Unkovic's style of writing is strictly informative and the language used to discuss the topic of foreign investments is explanatory. The content is a mixture of facts, personal opinions and observations.

== Theme ==

Unkovic outwardly states that his intent in The Art of Investing in America is to guide Chinese investors toward successful acquisitions in the United States by concisely presenting the basics of what they need to know about commercial transactions and business procedures in America.

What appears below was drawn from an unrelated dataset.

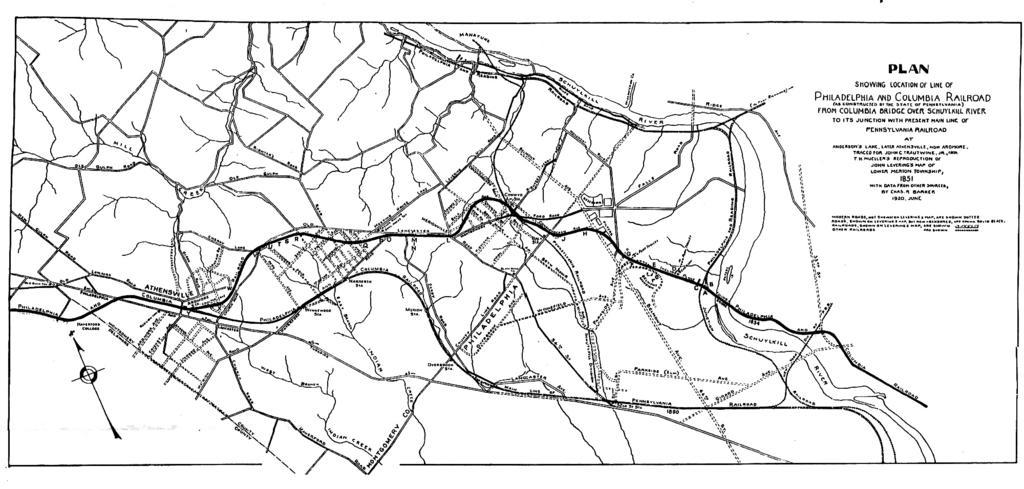 | Keywords: 1920 Philadelphia and Columbia.jpg s of these locations as they existed in 1920 may no longer be accurate A South slope still traceable of embankment on curve leading from Columbia Bridge east of Junction Railway toward the Inclined Plane B On east side of Junction Railway looking west toward that Railway - End of square stringer or tie with long round iron ball bent to a semicircle - Square stone block - These two perhaps in place C Stone tie and three pairs of square stone blocks at south corner of row of dwellings CE Line of inclined plane well marked by excavation and embankment filled with undergrowth but without notable relics Park trolley line occupies stretch D-E F Remains of double track on curve just south of Park trolley track south of Junction station East track on stone stringers; west track on square stone blocks Detached pair of square stone blocks in place near by indicating curve to the right Stringers in vicinity out of place Long grass cut and earth covering removed by order of Mr Alan Carson Chief Engineer to Park Commission G South side of Midvale Ave opposite Methodist Home for the Aged Double track as in F but on tangent HJ From H to J the Columbia R R line followed the present line of Conshohocken State Road now Conshohocken Ave The stone blocks were thrown to the south side of the new highway where they still remain in a line marked by trees and shrubbery JK From J to K the Columbia R R line kept to the west of Conshohocken Ave in part of this distance being directly over the present tracks of the Schuylkill Division of the Pennsylvania R R K East and west slopes of side-hill cuts on east side of excavation of Schuylkill Division Pennsylvania R R and south of highway bridge carrying Montgomery Ave over said division Blue print furnished by Pennsylvania R R Company engineer office shows center line of Columbia R R crossing center line of Schuylkill Division Pennsylvania R R in axis of said highway bridge and near the middle of its length KL From K the Columbia R R line seems to have followed the present line of Bala Ave to about where it now crosses Bryn Mawr Ave Thence it followed a tangent to a point in the rear of the present house of the Union Fire Association Thence it curved to the right passing under the old Ford Road which crossed over the R R on Bowman's Bridge This curve brought the R R line to a tangent at a point L where the line of the south side of Montgomery Ave then called Old Lancaster Road produced reaches what is still called Old Lancaster Road At the N E corner of Ford Road and Parson's Ave Mr J S Parsons has built a corner post containing several of the old square stone R R blocks The changes in roads at Merionville seem to have been roughly as follows - Before the R R abc Old Lancaster Road adef Ford Road But between d and e Ford Road was kinked to dbe in order to make it cross the R R nearly at right angles and de was abandoned the line of Ford Road after the building of the R R thus becoming adbef The portion of db of Ford Road now coincides with the line of Levering Mill Road gdb When Montgomery Avenue was created it took abc from the Old Lancaster Road but later bf was called Mongomery Avenue and bc again became Old Lancaster Road cd is now called Ford Road bc Old Lancaster Road abef Montgomery Ave and gdb Levering Mill Road LO From L to O the Columbia R R line followed the south side of Old Lancaster Road now Montgomery Avenue At M just east of Thourun's Lane which crosses a small run on a bridge of three arches is the south face of an arched stone culvert At N is the Federal Spring Many of the old stone R R blocks are here built into the retaining wall on the south side of Montgomery Ave Beyond O the R R line curved gently to the left P At P the R R line passed over the site of a frame stable building At the SW corver of this stable the top course of a box culvert is seen PQ From P to Q the line easily traceable by pairs of tall trees and by underbrush on the old low embankment follows the south property line of John Albrecht's triangular lot QR Between Q and R the line has been entirely obliterated by the building operations which produced the newer part of Narberth In general the R R line crossed the lines of the present streets at angles of about 45 degrees to its crossing with the present Essex Ave just north of the Narberth Public School Beyond this it probably followed nearly the curve of Essex Ave Stone blocks out of place are seen at the corners of Hamden and Woodbine Aves Woodbine and Narberth Aves and Narberth and Price Aves RS Between R and S remains of a low R R embankment are seen with remains of a box culvert where the line crossed a small run T In a driveway at T are seen well preserved and well exposed 3 pairs of the square stone blocks U At U the R R crossed the Old Lancaster Road now Montgomery Ave which was bent for the purpose crossing the R R at right angles The resulting kink has been removed From U to the east side of Montgomery Ave the line is easily traced by old trees underbrush and the remains of a shallow cut VW From V to a point just east of the Lower Merion High School at W the R R line lies a little to the northward of Montgomery Ave then Old Lancaster Road It was here mostly in shallow excavation where many square stone blocks are still in place The line is easily recognizable from Montgomery Ave by the double line of trees which its presence preserved from destruction WX Between W and X the R R line described a curve of some 75 degrees to the right ending at about the present Thompson Avenue a little south of the east end of Coulter Ave In the yard of Mr Swartz at X is a stone block with chair mark apparently nearly in place From X the R R line lay a little to the south of the present Coulter Avenue probably meeting it and the present main line of the Pennsylvania Railroad where the two now intersect at Y The portion of the Philadelphia Columbia R R from A to Broad and Vine Streets was sold b

In the first chapter titled "Why Chinese Investors -- After the Meltdown --Should Read This Book," Unkovic addresses potential concerns about whether the economic climate is still favorable for investments after the recent financial crisis and the current opportunities available. He then proceeds in chapters such as "Understanding Cultural Differences Between China and the United States" and "Introduction to the United States Legal System" to give an overview of the fundamentals of U.S. business transactions. Chapters such as "Workers and Labor Unions" and "Patents, Copyrights, Trademarks and Trade Secrets in America" discuss legal issues Chinese investors would potentially face in business acquisitions. The book concludes with "The 10 Most Important Lessons for Investors in America," a condensed review of Unkovic's advice for successful American acquisitions by Chinese investors.